Refreshments! We needed to provide food and drink to keep folks around longer.

"Now, Cletus, I notice you're pulling the lever real slow, there."

"Sright John. It's much Luckier this way."

"Ain't no such darn thing as Luck. You know that same as me."

"See, I think that's where you're holy hick what in the blazes is thayut?"

At this moment, with all the guests pretty much ready to leave, Lennie shuffled into the bandit room. He scratched the back of his pelvis and walked towards the free machine. The man who was playing saw the skeleton boss and quacked. He scampered away and ducked behind one of the other machines. Lennie put his left hand on top of the bandit, leaned forward so he could gaze at the cylinders as they spun round, and pulled the lever.

One of the men had a truncheon of sorts, and he slowly crept up behind Lennie.
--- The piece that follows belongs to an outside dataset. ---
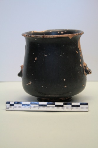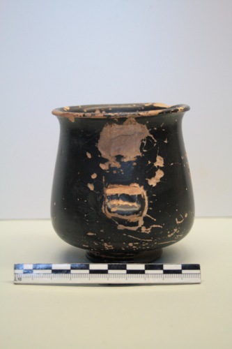 Kantharos-pelikoide a vernice nera di fabbrica etrusca in argilla rosa e vernice nera a riflessi metallici. Il vaso ha un corpo a ventre abbassato e piccolo orlo esoverso; anse verticali a nastro che all'attacco inferiore terminano con un "riccio"; piedino troncoconico cavo con larga base d'appoggio. Il vaso ha subito molti restauri al fondo e alle anse ed è mancante di alcuni frammenti dell'orlo. Su tutta la superficie è stato steso un colore nero opaco. La forma è tipicamente etrusca ed ebbe una vasta diffusione tra la fine del III e il I secolo a.C. La forma arrotondata del ventre abbassato dell'esemplare di Torcello è tipica delle produzioni dei kantharoi-pelikoidi volterrani. Esemplari simili si trovano anche ad Adria tra la fine del III e il II secolo a.C. e danno luogo ad imitazioni locali.

The room was totally silent except for this man's heavy breathing and the shhhh-clunk of Lennie pulling the lever. The man got into coshing range, and Lennie turned and noticed him.

"Oh," he seemed to say. "Is it your turn?" He rose to his full height and eased away, gesturing to the man to take his spot. The man looked confused, but he put the truncheon back onto his belt and pulled the lever on the bandit. Lennie leaned in to see the result. Spider, spider, tentacle. Oh, so close! Lennie slapped his forehead. The man grinned and Lennie waved at him to go again. After three more rounds, Lennie tapped the man on the shoulder and then indicated that he would like to play. The man said, "Oh, sure, we was leaving anyhow" and made space for him. The man noticed that the rest of the humans were near the door and said to the skeleton, "Uh, bye." Lennie tried to give him a special goodbye handshake like I'd taught him, but the man didn't get it. Still, it was clear that Lennie wasn't a threat and the fact that he was just as enamoured with the one-armed bandits as they were seemed to create a bond between them.

That would prove useful later.

Especially during the whole heist thing.